Я был единственный, кого провожали. На Седе желтое платье в мелкую черную птичку. Желтое идет смуглолицым с глазами цвета черной крови, недаром калабрийские пастухи повязывают голову куском желтой материи (Бунин). Она настояла на том, что будет нести мой ящик с красками и кисти, и гордо несла их через весь Сустапов переулок. «Чем бы ни гордиться, лишь бы гордиться. Гордость родилась раньше нас», — так армяне говорят.

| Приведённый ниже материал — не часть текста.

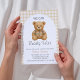 Um chá de fraldas temático "We Can Barly Wait" com ursinho giro vestindo roupa de xadrez de designer de luxo em cores castanhas, beges e fundo de gingham. Você pode personalizar isso facilmente com seus detalhes.
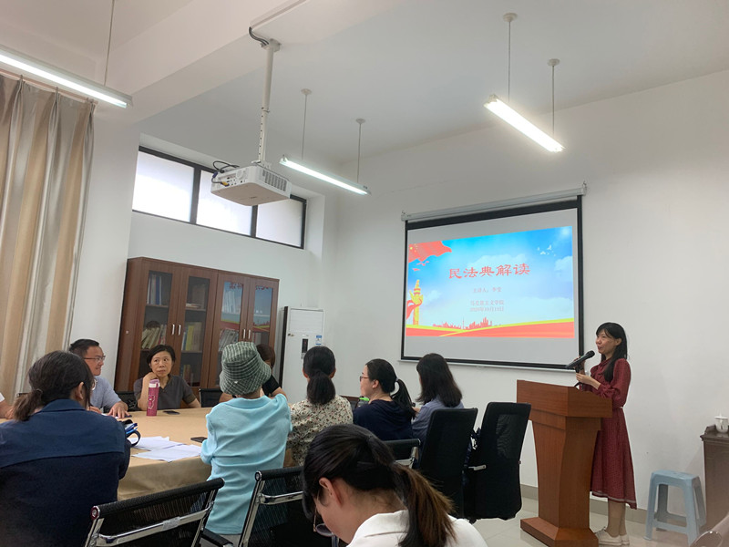 2020年10月13日下午,成全视频在线观看中文版直属党支部在院部会议室召开了《中华人民共和国民法典》的学习活动,成全视频在线观看中文版副教授李莹老师做了题为《民法典解读》的主题讲座。讲座由林萍书记支持,成全视频在线观看中文版全体党员教师聆听了这场讲座。
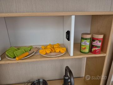 Cucina giocattolo in legno IKEA in ottime condizioni con piccoli segno di usura. Inclusi piedini regolabili in altezza. In regalo set pentoline e set pasta come in foto.

На автобусной станции «Врата ада» Седа смотрит, как мы маршируем с развернутым знаменем взад и вперед в ожидании автобуса до Бердичевстана.
Шел отряд по берегу, шел издалека,
Милко шел под знаменем, командир полка.
Она готова свозь землю провалиться со стыда. Дурачки? Или это глумление над героями войны и труда, какими изображены они на картинах Серджио Батенку, Миклухи Войтова, Цветко Дочмы, Станко Рузинца, других мастодонтов нацреализма. О, как кривятся наши мастодонты при одном упоминании о нац-арте. Им предстоит кривиться все чаще и чаще. Уже и Балуёва выделил нам площадку. Участвуй мы в восьмимартовской демонстрации с теми же самыми песнями и флагами, пропало бы главное — кавычки. Пропало бы восхитительное чувство единения с Народом Орлов. Прилюдно демонстрируешь это чувство — будто голый стоишь на морском мартовском ветру. Все в смущении отводят глаза, не зная, что думать. Но в следующий момент очередь на остановке приветливо улыбается нам, душою обнаженным. «Мы идем, мы поем, и навстречу улыбаешься ты нам».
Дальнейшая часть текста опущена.